Rutte poinformował w czwartek, że przedstawiciele państw Sojuszu uzgodnili na spotkaniu w Brukseli nowe cele w zakresie zdolności obronnych.
Jak zapowiedział, aby je osiągnąć, kraje członkowskie NATO będą musiały zainwestować „znacznie więcej” pieniędzy. – NATO pozostanie sojuszem nuklearnym tak długo, jak będzie istnieć broń nuklearna – dodał.
Szef NATO: uzgodniono nowe cele w zakresie zdolności obronnych
Następnie ogłosił, że zaproponuje plan, zakładający wydatki państwa na obronność w wysokości 5 proc. PKB, z czego 3,5 proc. obejmie podstawowe wydatki na obronność, a 1,5 proc. – inwestycje związane z obronnością i bezpieczeństwem, takie jak infrastruktura czy cyberbezpieczeństwo.

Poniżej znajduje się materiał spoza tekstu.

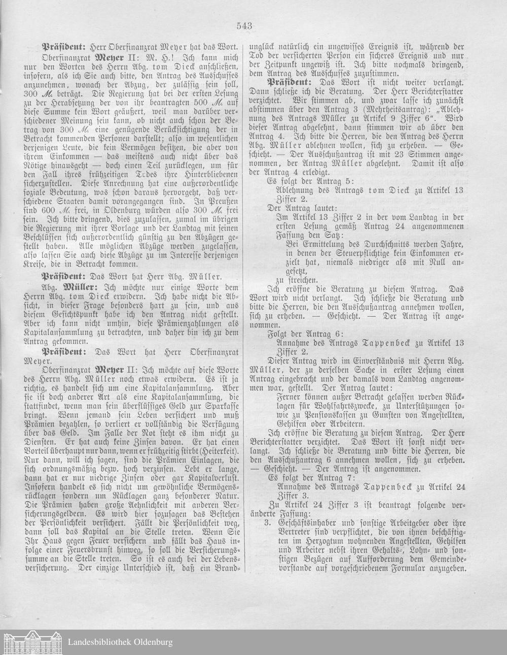 Verhandlungen der ... Versammlung des ... Landtags des Freistaats Oldenburg
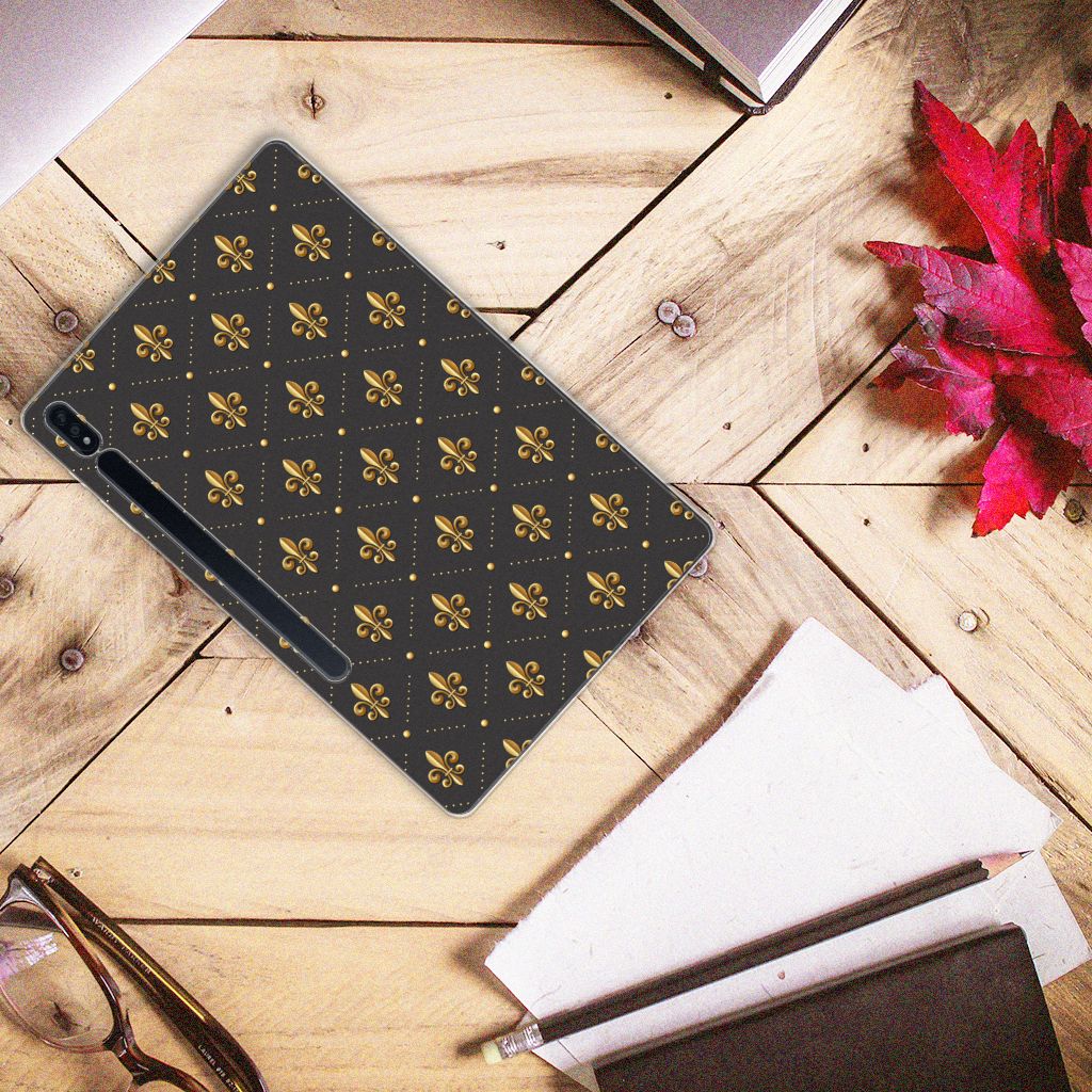 Hét symbool van het Franse koningshuis, de fleur-de-lis (ook fleur-de-lys of Franse lelie), mag natuurlijk niet ontbreken in onze collectie design hoesjes. De naam betekent letterlijk lelie-bloem. Deze Franse Lelie kunnen we op verschillende soorten cases printen, zoals een zeer praktische en onderscheidende tabletcase. Een Samsung Galaxy Tab S7 Plus | S8 Plus Hippe Hoes met Franse Lelie ziet er niet alleen ontzettend chique uit, het is dankzij onder meer het zeer flexibele materiaal zeer praktisch. Het is niet helemaal duidelijk welke bloem model heeft gestaan voor het Franse symbool. Wel is duidelijk dat de Franse lelie volledig tot wasdom komt op deze handige tabletcase. We bedrukken dit hoesje op het moment dat jij deze bestelt. Op de bovenzijde komt de Franse lelie te staan, de zijkanten blijven transparant.

– Uzgodniliśmy nowy, ambitny zestaw celów dotyczących zdolności i jest to bardzo ważne, bo te cele dokładnie opisują, w jakie zdolności sojusznicy muszą zainwestować w nadchodzących latach. To obrona powietrzna, myśliwce, czołgi, drony, personel, logistyka i wiele więcej. Wszystko to jest potrzebne, aby utrzymać nasze odstraszanie i obronę na wysokim poziomie oraz zapewnić bezpieczeństwo miliardowi ludzi – opisywał na konferencji prasowej po spotkaniu.

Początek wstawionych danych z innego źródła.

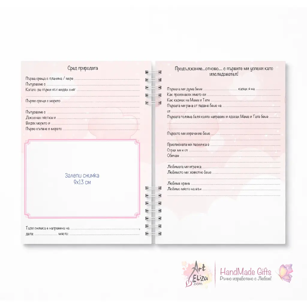 С албумът дневник ще можете да запазите всички важни спомени, снимки и моменти от първата година като забавно и лесно попълвате по готови теми, периоди и въпроси.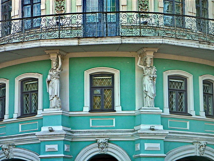 Перший поверх рустований під так звану «шубу». Другий зроблений за всіма канонами класичної архітектури: це й пілястри коринфського ордеру, і напівколони, і всіляка ліпнина декоративного характеру (гірлянди, рельєфні модульйони, віньєтки, картуші та рослинні орнаменти). Вікна будівлі мають у своєму оформленні сандрики та замки в арочних прорізях, у вигляді голови царя звірів-лева. Також над центральним входом виступає невеликий балкон (справа та зліва від нього міститься ще по дному балкону з балясинами).
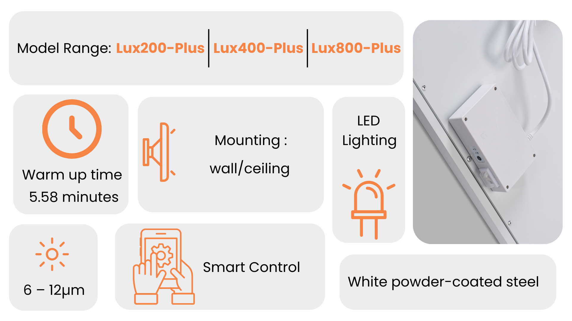 Looking for a heating and lighting solution tailored to your needs? Explore our Lux Plus Infrared Panel Heater range and discover the perfect fit for every room, building, or business.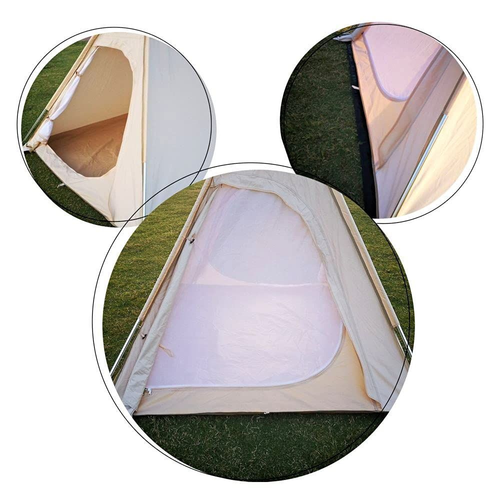 【両開き扉設計】:メンテナンスが容易な両開き扉。 両方のキャンバスフラップドアには、通気性を向上させるメッシュスクリーンが装備されています。 テントの上部には、空気を循環させて換気を維持するための4つの換気穴があります。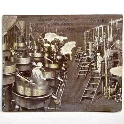 Description: Sepia-toned albumen print photo mounted on lt. yellow paperboard. Photographer unknown. Typed description label is glued to the top margin of mounting overlaying 1/2-in vertical swath across the image. Nail holes are in the mounting.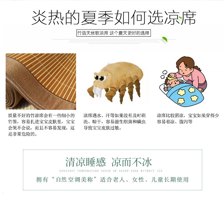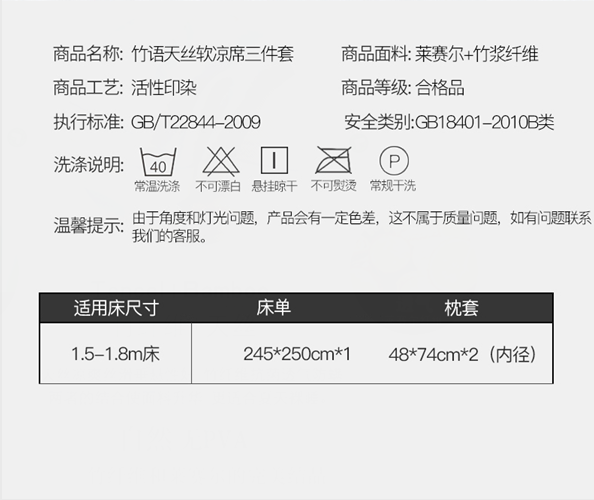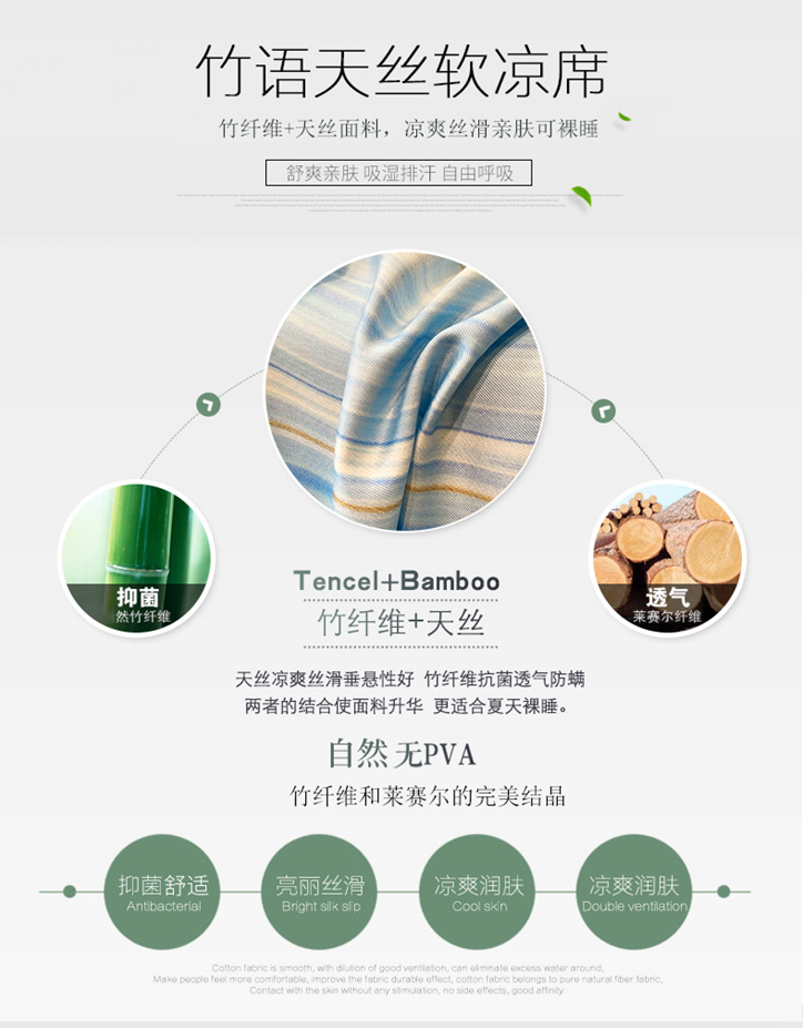 【可机洗】天丝软凉席三件套 凉感竹纤维席床单柔软丝滑莱赛尔天丝夏凉被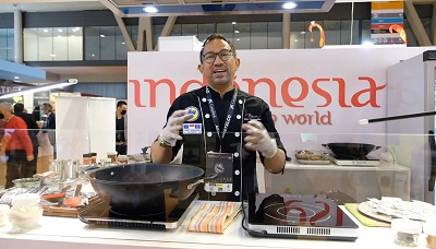 Booth pameran Indonesia yang memperagakan masakan Eropa ditambahkan rempah-rempah, ternyata cocok dan banyak yang menyukai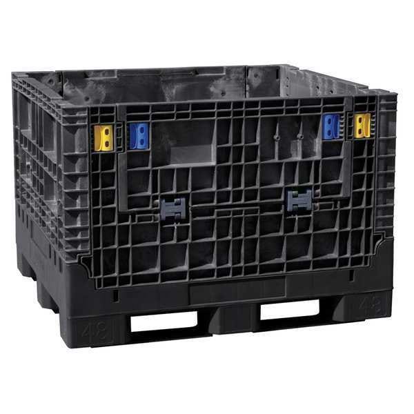 Collapsible Bulk Container, Color Black, Container Wall Type Solid, Folded Depth 48 in, Folded Height 12 7/8 in, Folded Width 45 in, Fork Entry 4-Way Entry, Fork Pockets Fork Pockets Included, Maximum Operating Temperature 120 Degrees F, Minimum Operating Temperature -20 Degrees F, Mobility Stationary, Number of Drop Doors 2, Overall Height 34 in, Overall Length 48 in, Overall Width 45 in, Stackable Stacking Capable, Volume Capacity 28.7 cu ft, Weight Capacity 2,500 lb, Collapsible Collapsible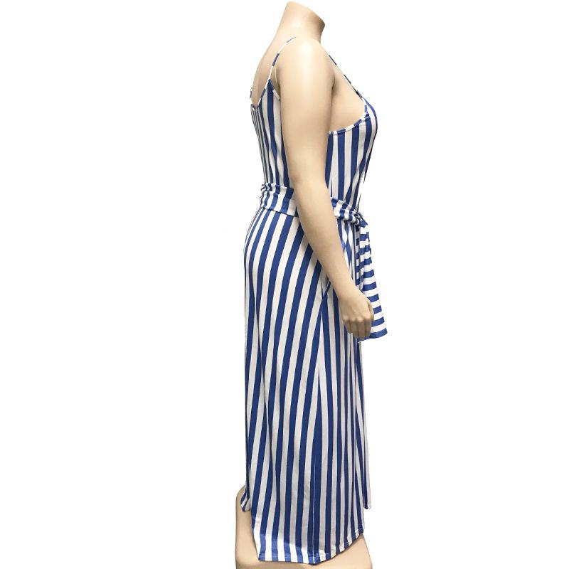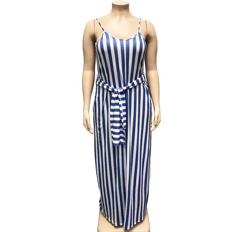 Large Women's Stripe Loose Dress with Belt and Suspender Summer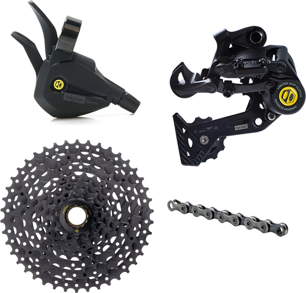 Die Box Four Gruppe ist für Fahrer konzipiert, die weniger Aufwand wollen. Sie verfügt über einen 8-fach-Schalthebel und eine 11-42-Zähne-Kassette, die eine große Auswahl an Übersetzungen bietet, um den Anforderungen Ihrer Offroad-Abenteuer gerecht zu werden. Der hintere Mech wurde für reibungslose Leistung entwickelt und verwendet eine Limited Slip-Kupplung in einem kompakten Käfig. Ein letztes Highlight ist die benutzerdefinierte 8-fach-Kette, die für anspruchsvolle Nutzung gebaut ist. Dies macht sie zu einer großartigen Gruppe für Fahrer, die eine starke Gruppe ohne Schnickschnack und zu einem budgetfreundlichen Preis suchen.

Rutte został zapytany o to, czy wspomniany plan ma dotyczyć również Stanów Zjednoczonych, na co odpowiedział twierdząco: „To cel dla wszystkich sojuszników”. Jak podsumował, jego propozycja cieszy się „szerokim poparciem”.
NATO. Potrzeba podniesienia wydatków na obronność
Przypomnijmy: obecny cel NATO, do którego sojusznicy zobowiązali się na szczycie w Walii w 2014 roku, to przeznaczanie co najmniej 2 proc. PKB na obronę. Obecnie mało kto w stolicach państw Europy i Ameryki Północnej nie ma jednak wątpliwości, że to za mało.
Prezydent USA Donald Trump zażądał podniesienia celu do 5 proc. PKB, co spotkało się z mieszanymi reakcjami państw członkowskich. Dla części krajów tzw. wschodniej flanki NATO, w tym Polski i krajów bałtyckich, jest to cel do zaakceptowania, bo już teraz wydają one niewiele mniej na swoją obronę. Dla wielu państw zachodniej Europy, np. Hiszpanii, żądanie republikanina jest z kolei trudne do przyjęcia.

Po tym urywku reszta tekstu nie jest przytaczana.